- [Task goal]:
Print the whole listing below exactly, skipping every picture.

(Supplied information Opens)

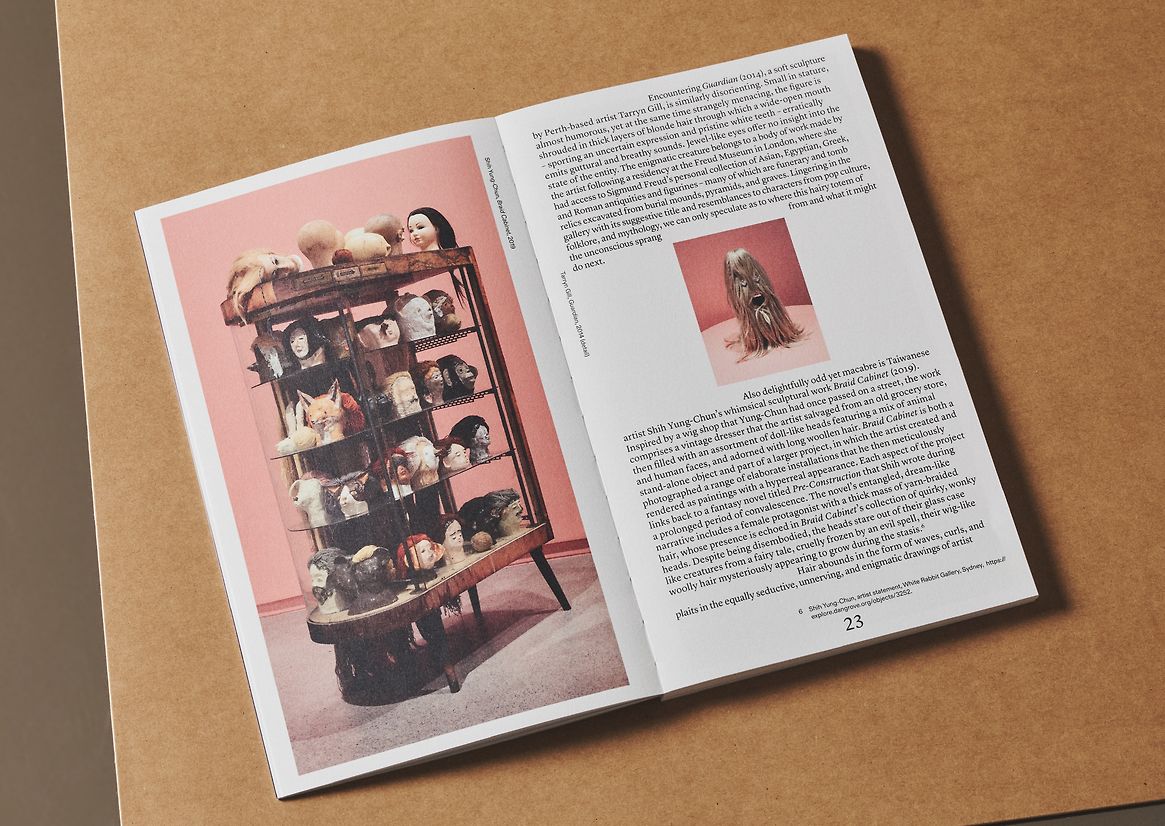 Published to document the 2024 exhibition that preceded it at Heide Museum of Modern Art, Hair Pieces explores the complex significance of hair in contemporary culture through a selection of recent Australian and international works of art. Edited by Melissa Keys and published by Perimeter Editions, the book encompasses a wide range of practices, including drawing, painting, performance, photography, installation, text, and more. As such, this collection of works reveals interwoven dialogues tracing identity, spirituality, agency, and resistance. The book – which works to examine the myriad ways in which artists utilise hair to investigate and conjure generative possibilities for growth, empowerment, and transformation – was designed to play the role of an unofficial catalogue for the exhibition, and an autonomous publication in its own right. The idea anchoring the design treatment was to play the dual role of generously documenting the exhibition, while also allowing the book to read as a contemporary design object. The design concept plays with visual ideas of entwinement. The elongated forms of plaits and braids are articulated through the book’s tall and slim proportions, while the humble size was in keeping with Perimeter’s accessible ethos and its market positioning as an illustrated text/reader. This concept of entwinement is imbued in the cover typography, where elongated serifs cause that the letters to merge. On the inner pages exaggerated indents and alignments across the book’s essays, create lacing typographic rhythms, intended to evoke connotations plaiting. A Coptic bind was employed, for its ‘hairy’ qualities, while the title was printed on the exposed spine. The book’s content is diverse in its bearings, spanning painting, sculpture, installation, photography, film, and various other media, alongside installation views, extensive essays, creative and poetic written commissions, and more. The works are at once radiant and repellent, and richly symbolic, bouncing between the corporeal, personal, and political.
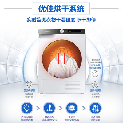 8KG大容量设计,窗帘四件套统统装得下,轻松满足你的干衣需求。采用AI智能控制,告别繁琐操控,轻松使用。
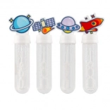 Jeder Seifenblasengenerator hat einen Deckel mit verschiedenen Weltraummotiven wie Planet, Satellit, UFO oder Rakete.
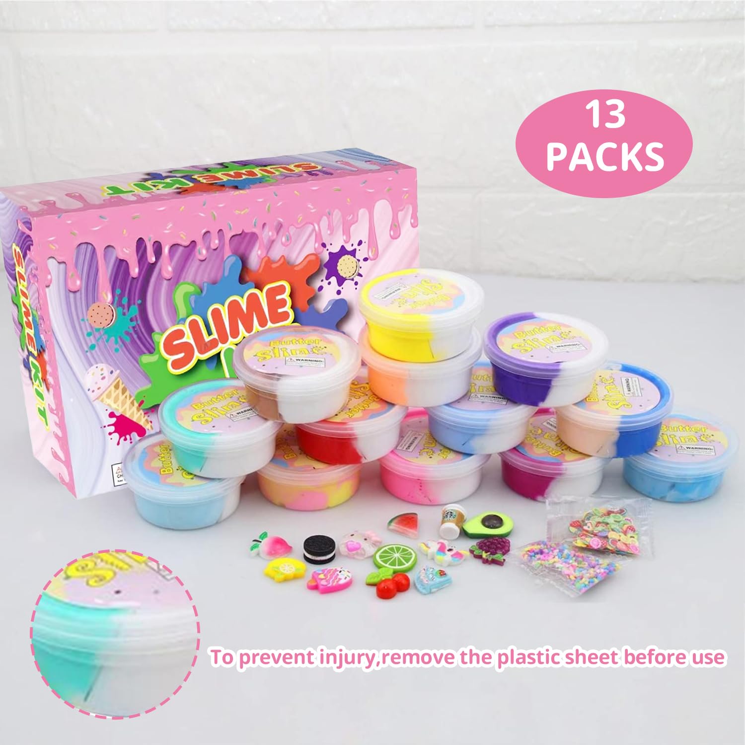 - 【Fluffy Slime with Amazing Texture and Scent】:This slime pack includes 13*60ml slimes with different two-colour mixed premade textures stretchy slime feel. Keep our young artists be busy and enjoy hours of fun,They are an excellent tool to relieve pressure.

(Supplied information Closes)

- [Result for this task]:
 Published to document the 2024 exhibition that preceded it at Heide Museum of Modern Art, Hair Pieces explores the complex significance of hair in contemporary culture through a selection of recent Australian and international works of art. Edited by Melissa Keys and published by Perimeter Editions, the book encompasses a wide range of practices, including drawing, painting, performance, photography, installation, text, and more. As such, this collection of works reveals interwoven dialogues tracing identity, spirituality, agency, and resistance. The book – which works to examine the myriad ways in which artists utilise hair to investigate and conjure generative possibilities for growth, empowerment, and transformation – was designed to play the role of an unofficial catalogue for the exhibition, and an autonomous publication in its own right. The idea anchoring the design treatment was to play the dual role of generously documenting the exhibition, while also allowing the book to read as a contemporary design object. The design concept plays with visual ideas of entwinement. The elongated forms of plaits and braids are articulated through the book’s tall and slim proportions, while the humble size was in keeping with Perimeter’s accessible ethos and its market positioning as an illustrated text/reader. This concept of entwinement is imbued in the cover typography, where elongated serifs cause that the letters to merge. On the inner pages exaggerated indents and alignments across the book’s essays, create lacing typographic rhythms, intended to evoke connotations plaiting. A Coptic bind was employed, for its ‘hairy’ qualities, while the title was printed on the exposed spine. The book’s content is diverse in its bearings, spanning painting, sculpture, installation, photography, film, and various other media, alongside installation views, extensive essays, creative and poetic written commissions, and more. The works are at once radiant and repellent, and richly symbolic, bouncing between the corporeal, personal, and political.
 8KG大容量设计,窗帘四件套统统装得下,轻松满足你的干衣需求。采用AI智能控制,告别繁琐操控,轻松使用。
 Jeder Seifenblasengenerator hat einen Deckel mit verschiedenen Weltraummotiven wie Planet, Satellit, UFO oder Rakete.
 - 【Fluffy Slime with Amazing Texture and Scent】:This slime pack includes 13*60ml slimes with different two-colour mixed premade textures stretchy slime feel. Keep our young artists be busy and enjoy hours of fun,They are an excellent tool to relieve pressure.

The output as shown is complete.